Port 5000 needs to be changed to your VPN port number, and if it's set to your port number and you receive no log lines like that, your vpn port number is mistyped in your configs, or there's something else going on as there's no issue with the VPN itself

No, I just wanted to ensure there wasn't an incompatible setting within the config for your iPhone, as I just learned the other day certain phones are not compatible with certain tuning options, such as the fragment option

With this being said, the fact you got the same result connecting from your iPhone and your PC indicates this is likely related to the router's firewall.

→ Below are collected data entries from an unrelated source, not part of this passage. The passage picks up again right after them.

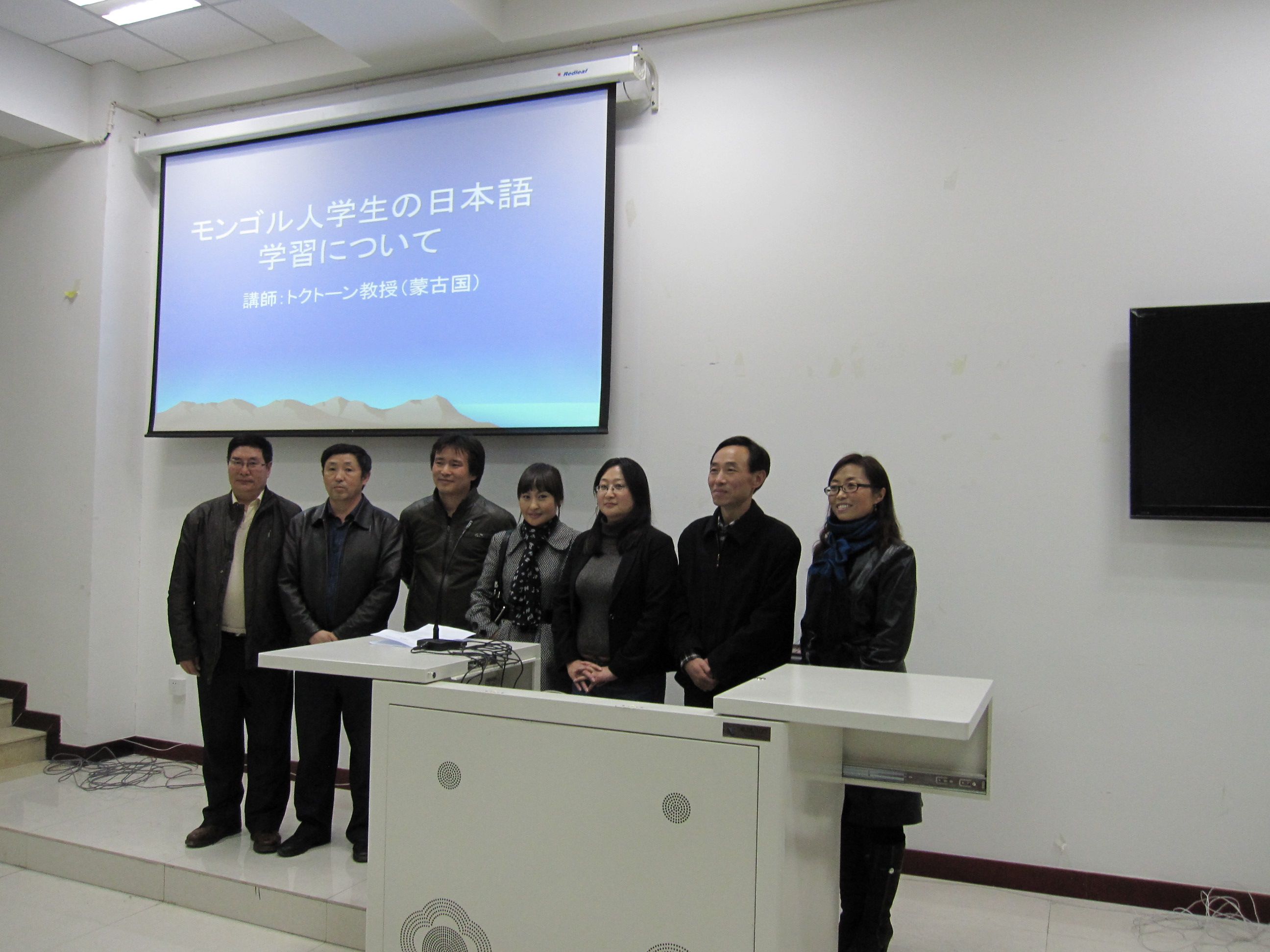 为了提高日语专业师生专业水平,活跃学术交流,2013年11月6日下午4:30—6:00,外语系邀请蒙古国国立大学蒙古语言文化学院外语系Erdenesan Togtuun教授在教学楼106教室为日语专业师生做了题为《蒙古语授课学生日语学习策略》的学术讲座。日语专业教师及日语专业蒙古语授课班学生100多人收听了讲座。
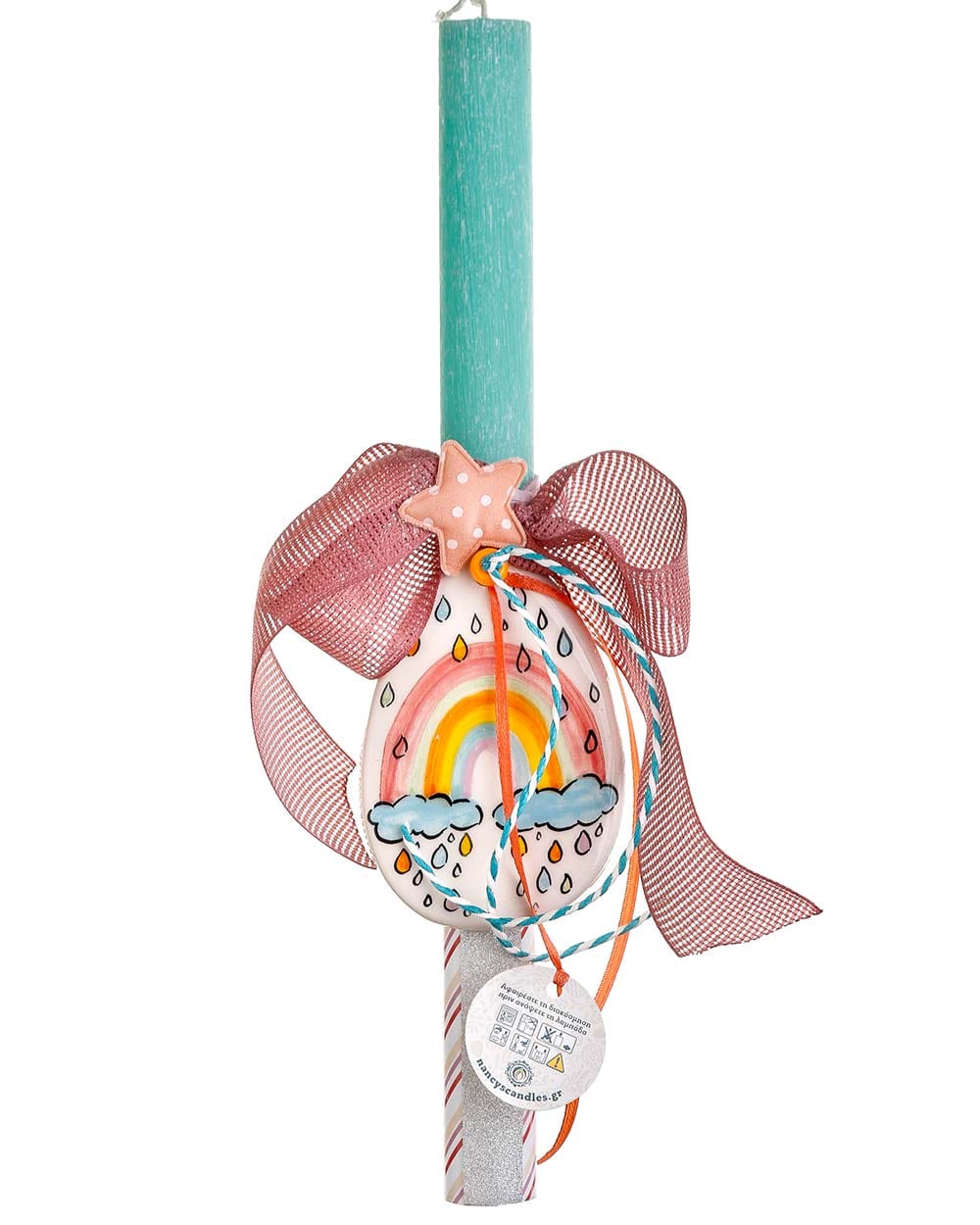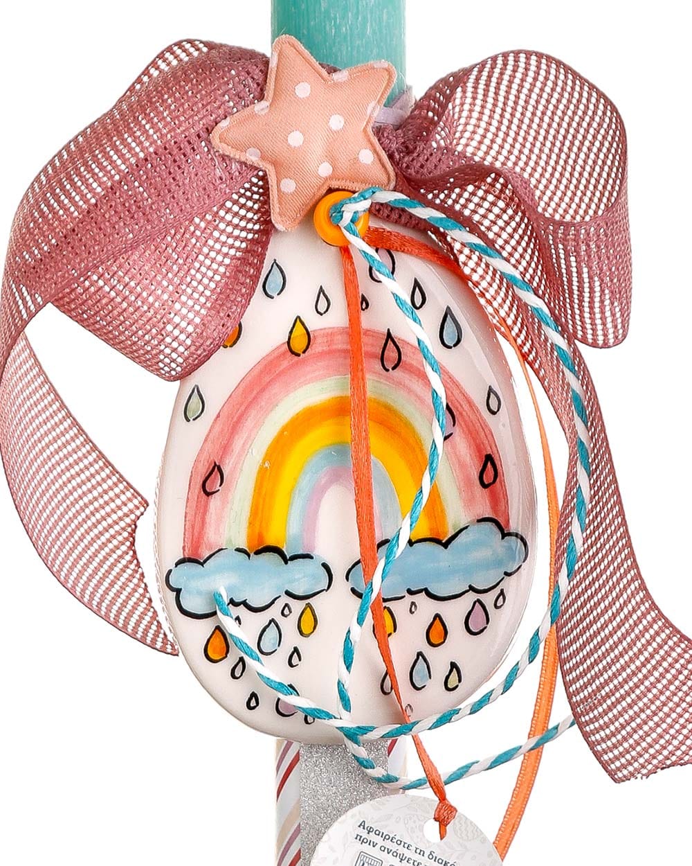Χειροποίητη πασχαλινή λαμπάδα με κεραμικό αυγό – ουράνιο τόξο (2)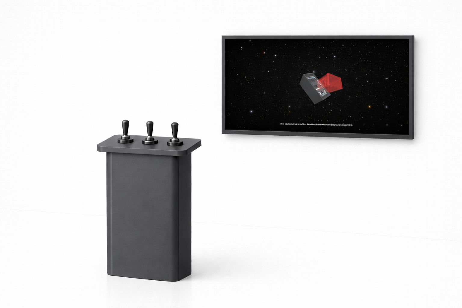 The work takes the form of a short playable video game presented through a freestanding control pedestal with three industrial joysticks, positioned in front of a wall mounted screen. On the display, a 3D abstracted server rack drifts and rotates slowly in deep space. Using the three joysticks, the visitor continuously stabilises the server’s movement across three axes while the system responds in real time. Throughout this interaction, a spoken monologue unfolds from the perspective of the machine itself.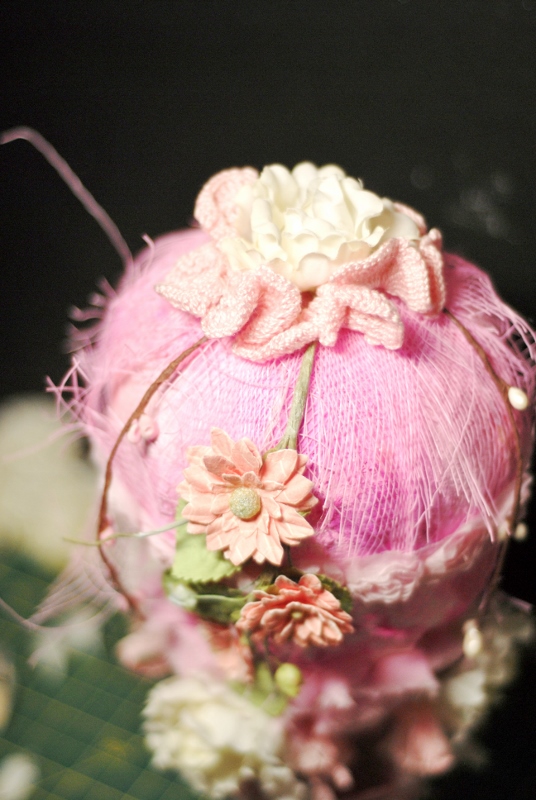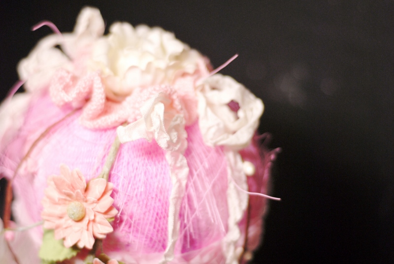 добавила пару веточек с почками и ленту с мелкими цветами вокруг всего шара
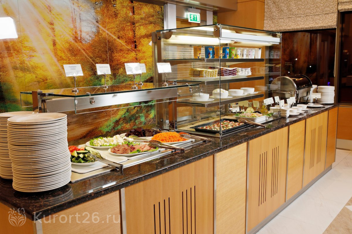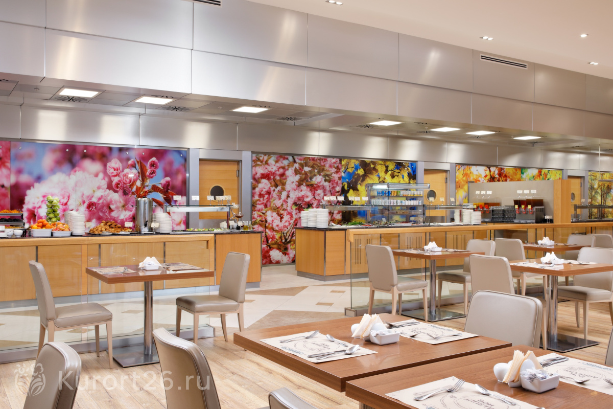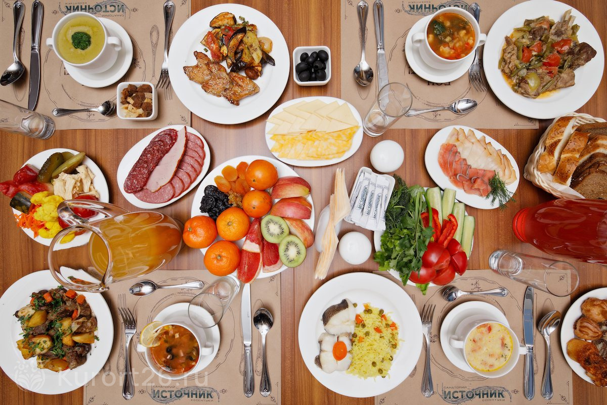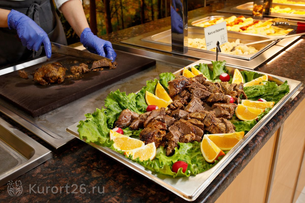 В путёвку включено трёхразовое питание «шведский стол» в ресторане «Бон аппетит». В ежедневном меню представлен широкий выбор блюд, разработанных шеф-поваром совместно с диетологом. Всего в ассортименте более 200 блюд, каждую неделю проводятся тематические вечера национальной кухни.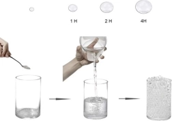 Po přidání vody perly během několika hodin výrazně nabobtnají až na cca 11 mm a jsou připravené k použití.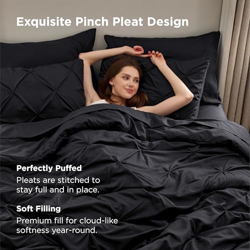 Bedsure Queen Comforter Set Black – Bed in a Bag Queen Size Bedding 7 Pieces, GentleSoft™ Pintuck Bed Set Gift for Family, Pinch Pleat All Season Comforter with Sheets, Pillowcases & Shams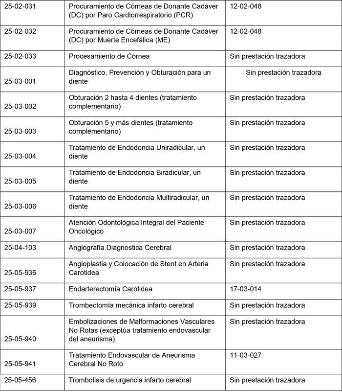 - Las prestaciones Procuramiento de Córneas de Donante Cadáver (DC) por Paro Cardiorrespiratorio (PCR) código 25-02-031 y Procuramiento de Córneas de Donante Cadáver (DC) por Muerte Encefálica (ME) código 25-02-032, podrán ser efectuadas en Unidades de Anatomía Patológica o en la Unidad del Paciente, siempre que el lugar reúna las condiciones de infraestructura para realizar el procuramiento sin quiebre de la técnica aséptica.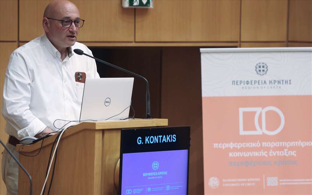 Χαιρετίζοντας το Συνέδριο ο Πρύτανης του Πανεπιστημίου Κρήτης Γιώργος Κοντάκης σημείωσε πως «στο πλαίσιο της εξαιρετικής μακροχρόνιας συνεργασίας μεταξύ της Περιφέρειας Κρήτης και του Πανεπιστημίου Κρήτης», έχουν αναπτυχθεί από το πανεπιστήμιο Κρήτης δύο πολύ επιτυχημένες Δομές, το Παρατηρητήριο Κοινωνικής Ένταξης και ο Περιφερειακός Μηχανισμός Παρακολούθησης της Αγοράς Εργασίας. «Οι παραπάνω δομές με ερευνητικά εδραιωμένες προτάσεις εστιάζουν σε σειρά ζητημάτων από την υλική αποστέρηση — φτώχεια, στην εργατική επισφάλεια – ανεργία. Σε συνδυασμό μάλιστα με νέα εγχειρήματα όπως το εργαστήριο «Υγεία και Κοινωνία» αλλά και σειρά άλλων ερευνητικών δραστηριοτήτων, το Πανεπιστήμιο Κρήτης συμβάλλει ουσιαστικά στην κοινωνική διάσταση της περιφερειακής ανάπτυξης», υπογράμμισε ο κ. Κοντάκης.
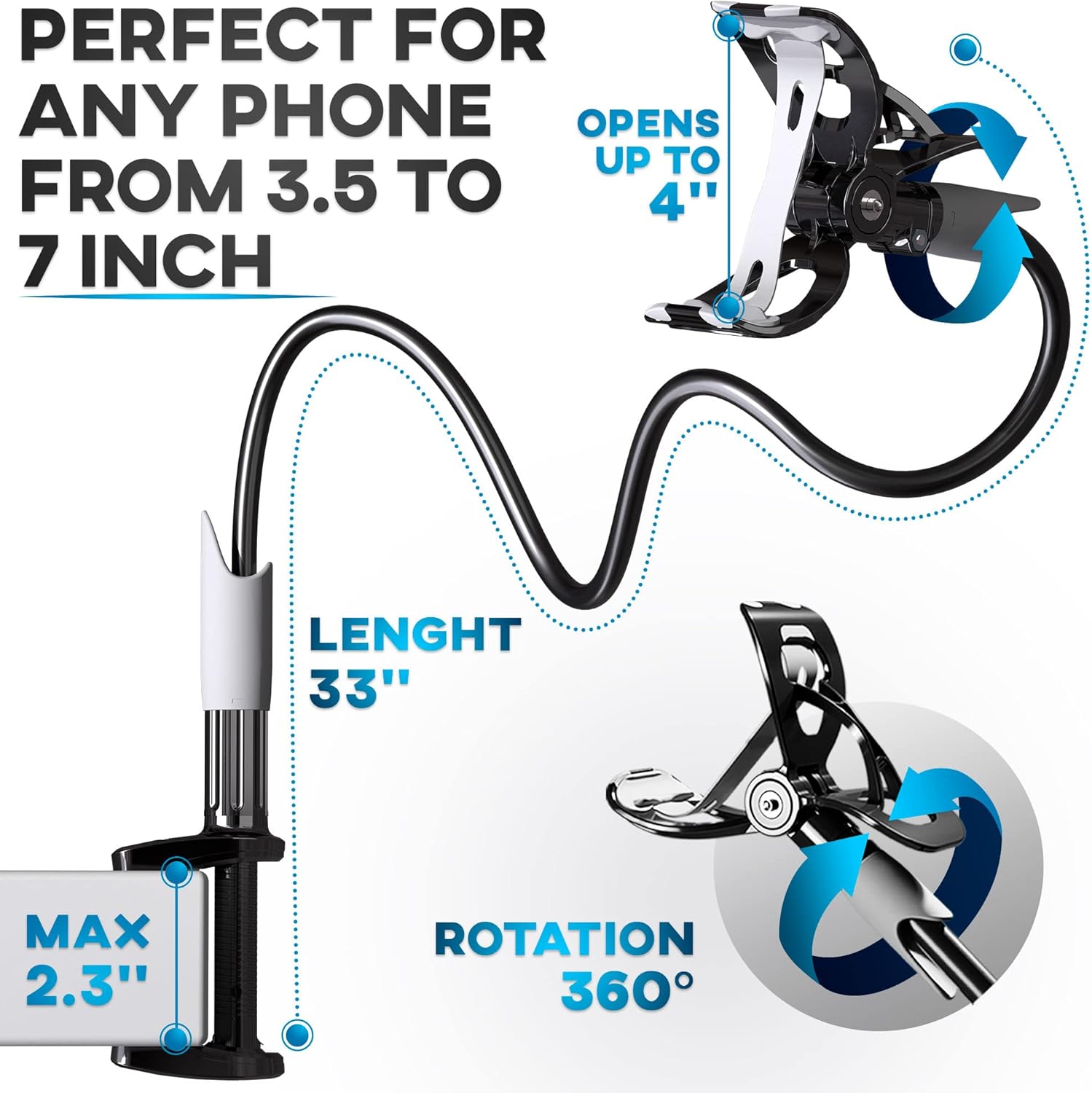The phone clipping system reliably fixes the phone of any size that falls within its opening range (that is 4 inches). The base of this phone holder can be opened up to 3 inches, which means that you can attach this phone mount for bed to any flat surface that is less of 3 inches in its widths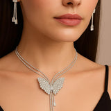 Silver Butterfly Pendant Necklace Set with Crystal-Studded Earrings ? Elegant and Lightweight Party Wear Jewelry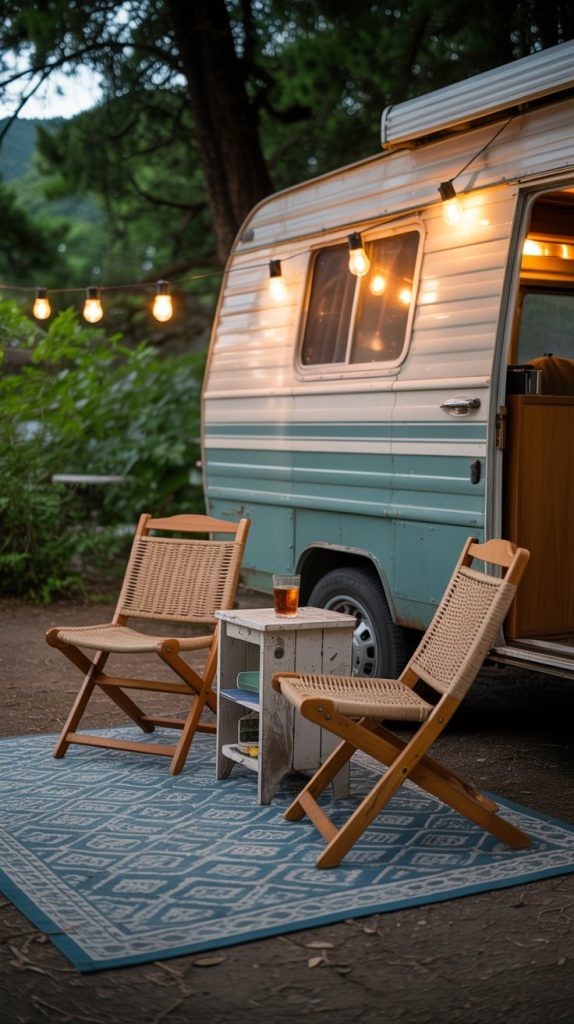 Your old RV remodel shouldn’t stop at the door! Extend your living space by creating a cozy outdoor “room.” An outdoor rug instantly defines the area. Add compact folding chairs, a small side table, and string up patio lights or solar-powered lanterns for evening ambiance.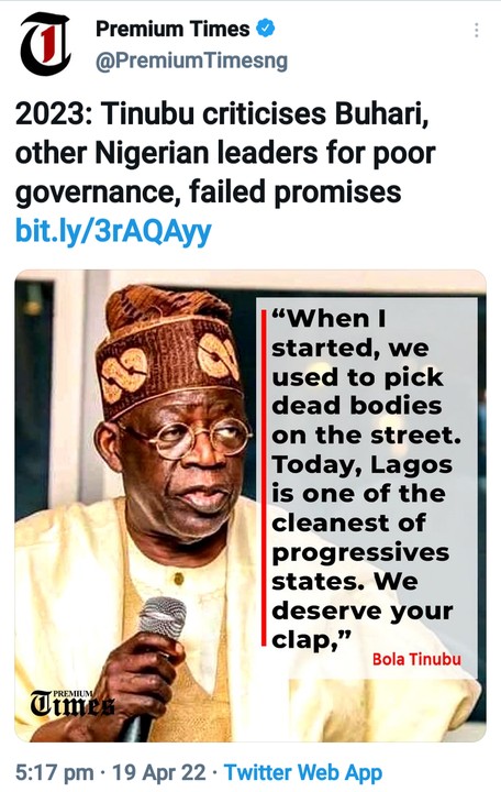 PREMIUM TIMES reported the earlier claim by the former governor while addressing some participants at the APC’s Women Conference in Abuja in January. On Saturday, Mr Tinubu repeated the claim.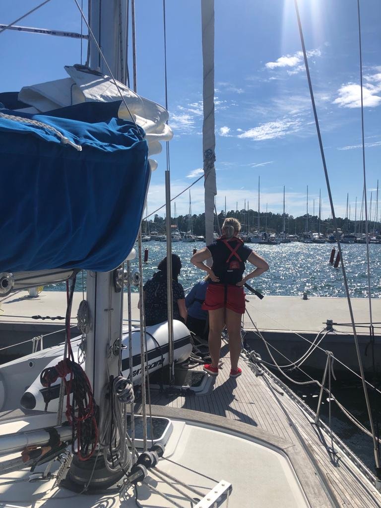 Merellä oli tuuli puhalsi perän takaa ja pääsimme täysin purjein reippaasti kohti Saltsjöbadenia. Jiipit tulivat tutuksi ja niissä riitti vauhtia ja jännitystä, varsinkin kun tuuli nousi ajoittain jopa 15m/s. Näimme Dalaron linnan ja ihastelimme rantojen ”kesämökkejä”. Meilläkin riitti seurattavaa ja hämmästelimmekin erästä saunalauttaa, joka lopulta paljastui kyljellään olevaksi katamaraaniksi. Melkein sama juttu siis!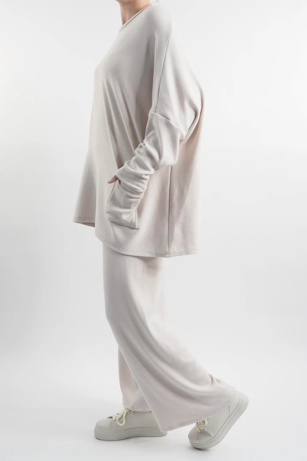 Made In Italy Chalet Pocketed Soft Knit Set Stone

remenakb1 · February 25, 2018, 12:39pm

There must be something else going on. I have verified the port number is correct and tried multiple port numbers now and I see nothing in the logs. Any ideas on what could be going on?

I searched around for some tools and found nmap and netstat. I don't quite know what I am doing but I was able to verify my port was open and the server was listening.

Thank you for your help.

JW0914 · February 25, 2018, 2:58pm

Not a clue, but your issue is not with the VPN

remenakb1 · February 28, 2018, 1:44am

I got it working!

I ended up contacting my ISP and they told me a configuration was wrong on their end and everything now works. Thank you for all your help, it was quite the journey but I definitely know a lot more about networking than when I started.